Somewhere in the course of all this I called the other shelter and didn't get anyone on the phone. I got Jeff back on the phone really quickly, because Lauren had started mumbling to herself walking away. I wanted to check in with him really quick. She came back over and started sort of freaking out. Each time I made a call, her anxiety level heightened. She said something about not taking her medication (people keep stealing it) and not wanting anyone to help her because they always want her to 'do stuff' and they take her stuff. She told me at one point she was having a panic attack and that if she has a panic attack, her mom will have a heart attack and they will both die. She was so afraid I was calling the cops on her. I don't even remember all of the conversation. Once again, I found myself feeling like I was in the spin-cycle.

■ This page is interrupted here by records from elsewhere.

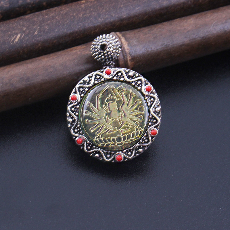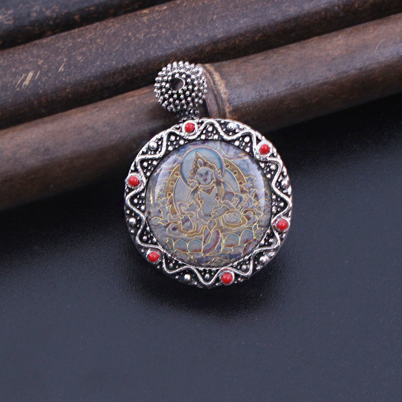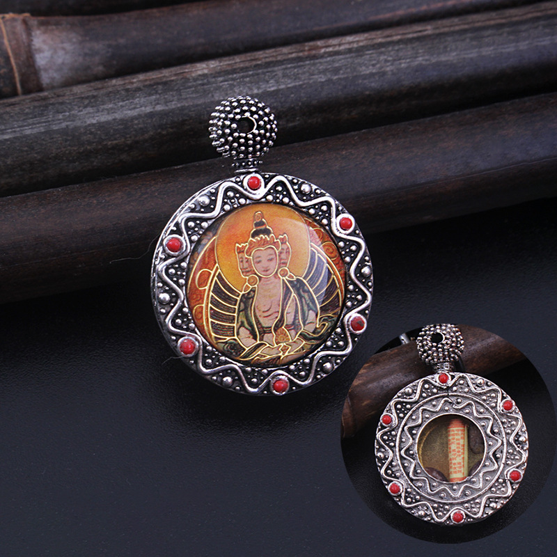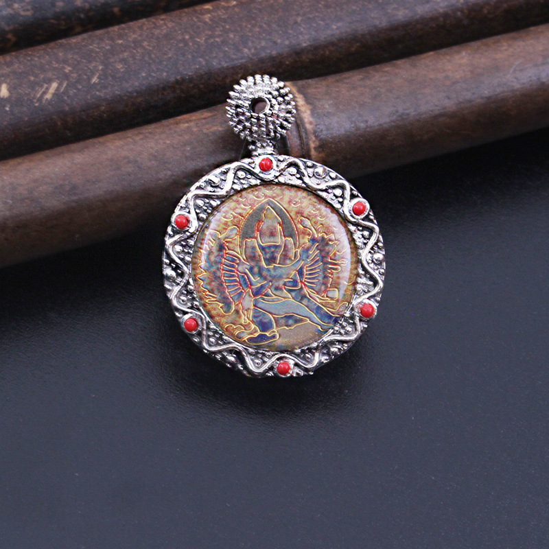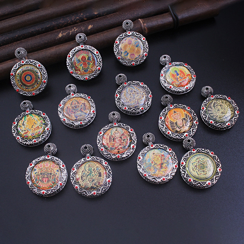 唐卡随身佛牌合金吊坠六字真言黄财神项链吊坠带经文迷你唐卡画盒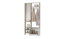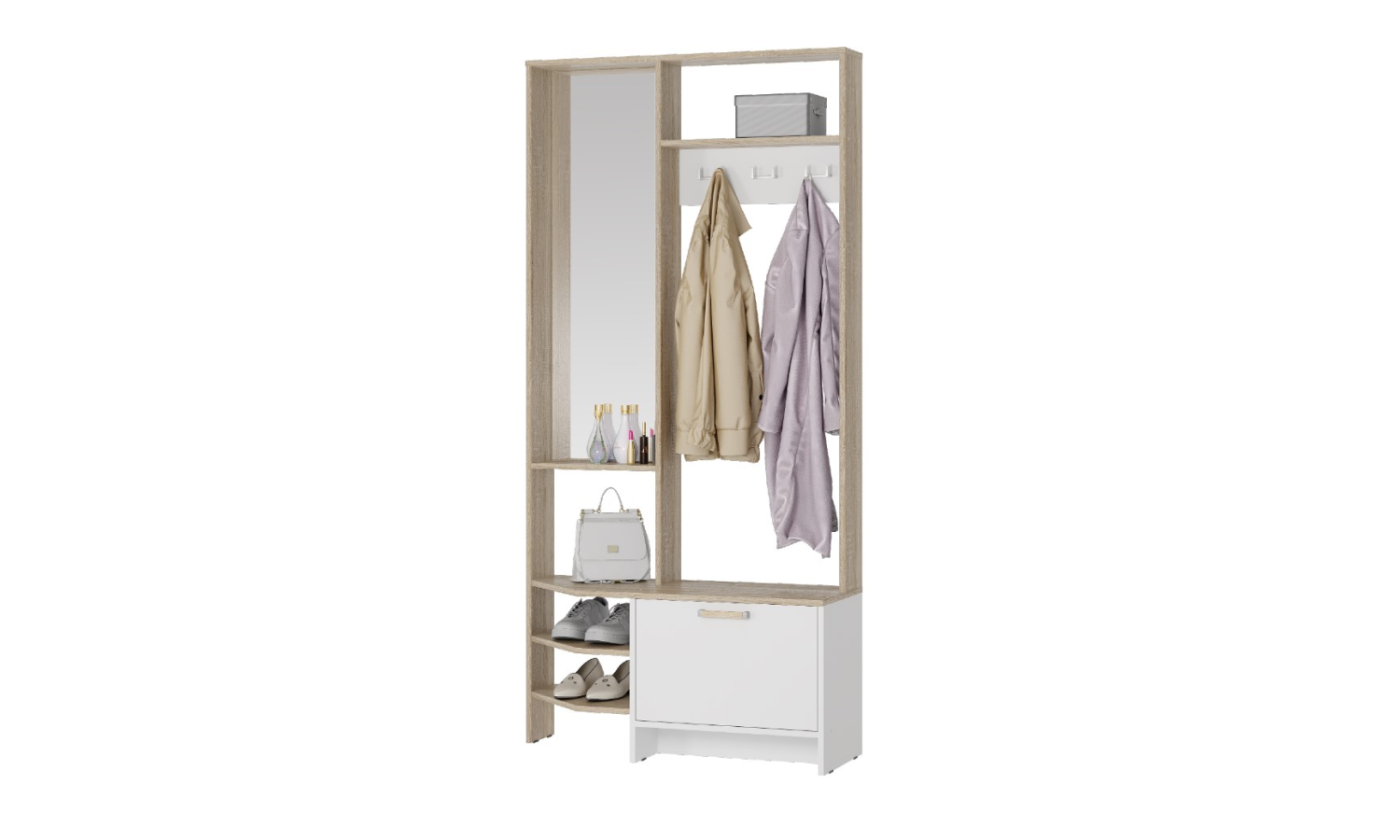 Верхняя полка, оснащенная крючками, прекрасно подходит для хранения головных уборов, таких как шляпы или шапки. Просторная зона с крючками для верхней одежды позволяет навесить много пальто, курток и пиджаков, что особенно актуально в холодную погоду или в период дождей. А нижние открытые и закрытые полки предоставляют возможность удобно хранить сезонную обувь, такую как ботинки или сапоги. Такая организация пространства позволяет сохранить в прихожей порядок и избежать хаоса.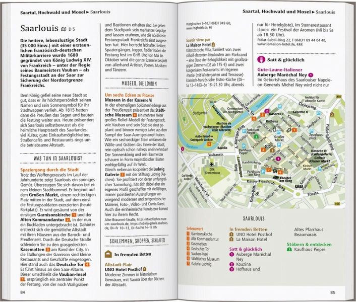 Mit den Übersichtskarten, genauen Stadtplänen und dem separaten großen Faltplan können Sie nach Lust und Laune das Saarland erkunden.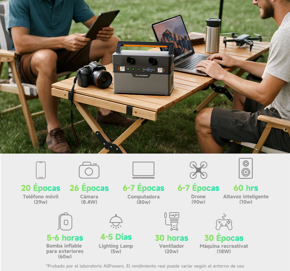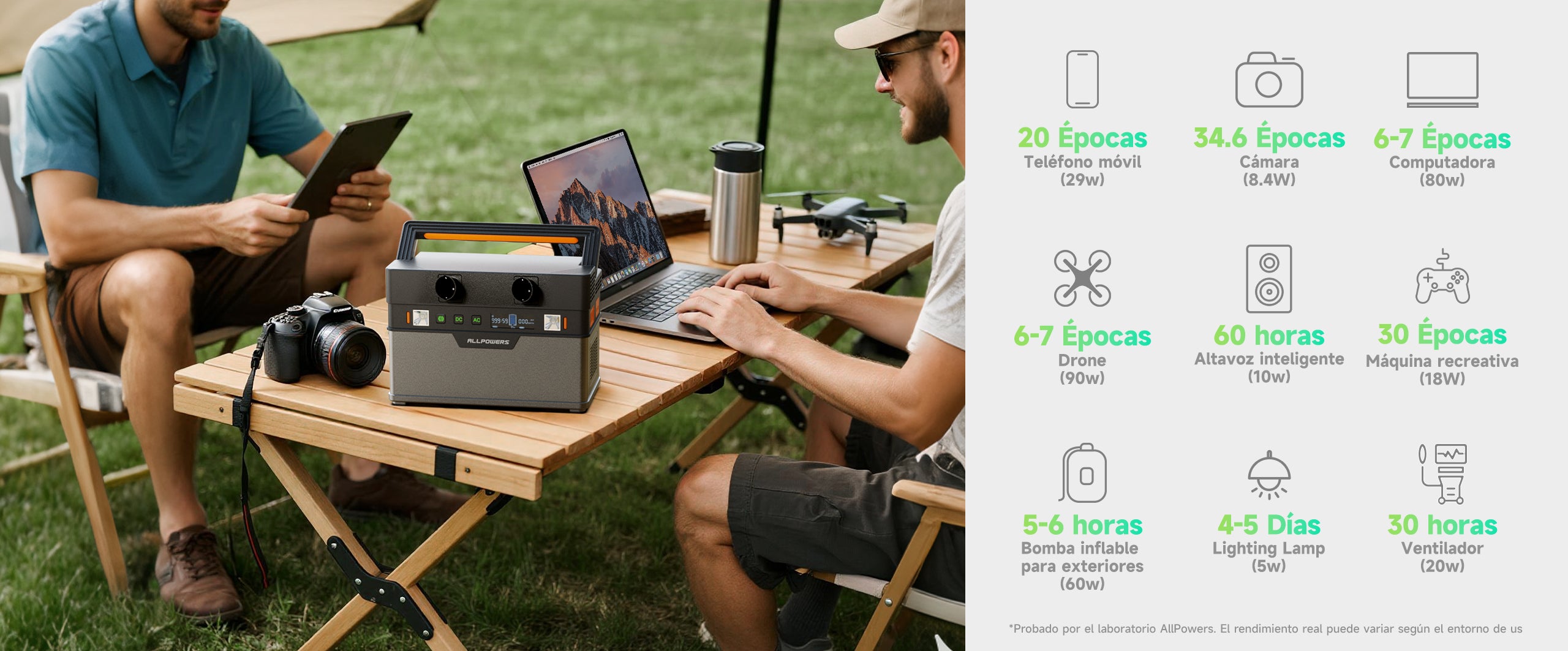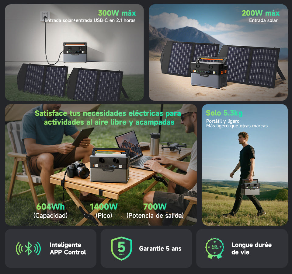 - 6 formas de recargar (AC/USB-C/AC+USB-C/Solar/Car/Solar+USB-C);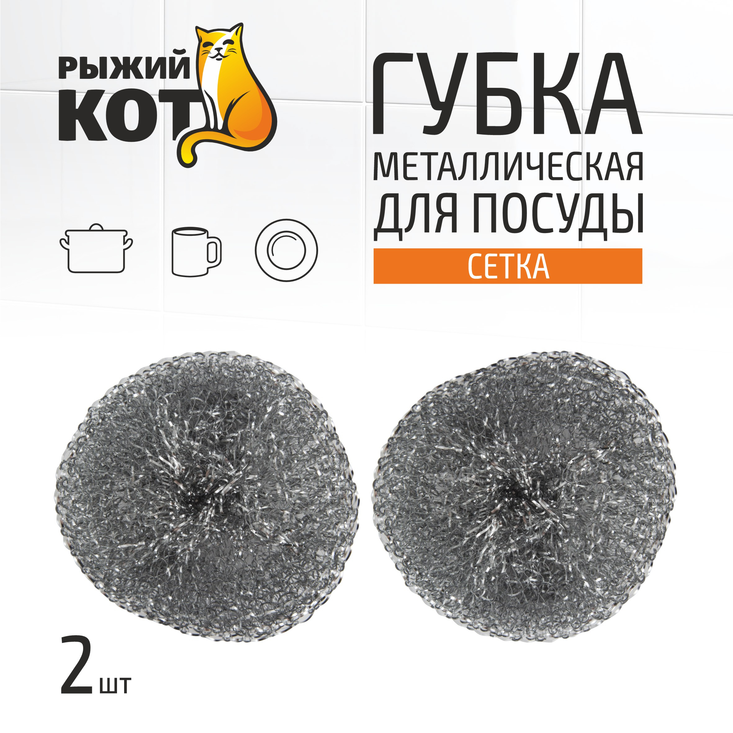 Губка металлическая для посуды, сетка, вес 15 гр., 2 шт.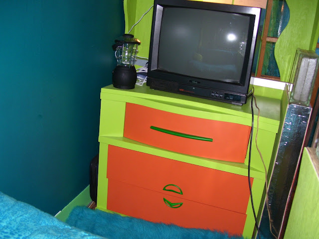 Ici, j'ai pris une ancienne commode et je lui ai enlever une étage et je l'ai peinturé.

She started speed talking, saying she had to go. She walked off to the intersection again, and another friend in the Dallas area called. I quickly let her know what was going on, again, I'm thinking the more people that know where I am and what I'm doing, the better.
I could sense at this point that Lauren was leaving. She is grown. I gave her the piece of paper with all the phone numbers that my calls had gotten me.
I watched her as she walked away, looking like a crazy person from a movie. Talking to me from under the overpass, yelling across 3 lanes of traffic. I have no clue what she was saying.
I was torn. I couldn't go chasin' her down. (The children!)
I had Jeff on the phone, telling him I am tempted to feel like a failure, but I know better.
Jeff told me what I already know:
Success or failure is not dependent upon her response, only mine.
She's gone.
I have no idea where Lauren is right now.
I left a little bit of me in that gas station parking lot.